Startups currently use these datasets to provide player analysis and insights. Access to more granular data would enable significantly deeper and more sophisticated analysis tools.

Example of overlays provided in game (Image source: blitz.gg)

Blitz.gg that give timers and pathing for players which is pretty cool!

AI voice suggestions (Image source: backseat.gg)

Some startups give AI suggestions to help with gameplay.

U.GG post game analysis (Image source: u.gg)

Others give deep analysis to one’s gameplay.

At 10000 Feet

Overview

Here’s a high level overview of the system, which I’ll describe each part in the following sections

Overview of the system

Replays And Packets

The process begins by fetching encrypted replay files from a data source. These replays contain compressed gameplay state data that the League of Legends client uses to reconstruct game sessions for viewing. After decryption and decompression, the system processes individual encrypted packets through an emulator, which converts them into structured JSON format. The complete process and replay format are detailed in the rofl format section.

Emulator And Decryption Background

The emulatorEmulator is software that runs an architecture. It’s used here to run specific parts of league of legends binary without running the entire game (useful for debugging and seeing what variables are important). An example of an emulator is unicorn engine inspects and debugs the League of Legends binary to handle encrypted packets. Packet data is decrypted when accessed and immediately re-encrypted afterwardYou also might say: you still don’t need an emulator because you can figure out how decryption works and write your own code to decrypt the entire packet buffer without running an emulator.
League of legends is an actively updated game and thus the decryption changes often, so the emulator makes debugging much easier
.

Here’s a simple Python example demonstrating packet decryption using XOR:

TakeDamagePacket has two fields we're interested in extracting information out of

The TakeDamage packet contains two encrypted fields: the target object and damage amount. For this example, we’ll use a simple XOR operation with 0x69 to decrypt these values.
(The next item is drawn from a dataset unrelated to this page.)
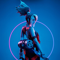 League of Legends." She is wearing a black bodysuit with

Expand to show code (in-case above python doesn't show)

# Champion has hp and other fields
class Champion:
  def __init__(self, name, id, hp):
    self.name = name
    self.id = id
    self.hp = hp
    
  def __str__(self):
    return f'{self.name}: id [{self.id}] has {self.hp} hp remaining\n'
    
# Encryption/Decryption using XOR -- not real thing
KEY=0x69
def decrypt(data: bytes) -> bytes:
    return bytes(data[i] ^ KEY for i in range(len(data)))

def encrypt(data: bytes) -> bytes:
    return bytes(data[i] ^ KEY for i in range(len(data)))

class TakeDamagePacket:
  def __init__(self, buffer):
    self.buffer = buffer
  
  def target_id_bytes(self) -> bytes:
    return self.buffer[12:16]
    
  def damage_bytes(self) -> bytes:
    return self.buffer[16:20]

# Helper functions
def convert_bytes_to_int(data: bytes) -> int:
  return int.from_bytes(data, byteorder='big')

name = 'Ezreal'
id = 10
hp = 1000
ezreal = Champion(name, id, hp)
print(ezreal)

# example data from rofl file...
buffer = b'\xeb\x9d\x65\x38\xd3\x0e\x47\xfa\xa1\x29\x13\x9b\x69\x69\x69\x63\x69\x69\x68\x45\x75\xe2\x3e\x9f\x50\xfb\xa8\x26\x1f\xc7\x47\x47\x47'

packet = TakeDamagePacket(buffer)

# First, check if the target is ezreal

# Fetch the offset in packet to target id
encrypted_target_id_bytes = packet.target_id_bytes()
print(f'Encrypted target id bytes[' + ''.join(f'\\x{b:02x}' for b in encrypted_target_id_bytes) + ']')

# Decrypt the bytes and convert to int
target_id_bytes = decrypt(encrypted_target_id_bytes)
print(f'Decrypted target id bytes[' + ''.join(f'\\x{b:02x}' for b in target_id_bytes) + ']')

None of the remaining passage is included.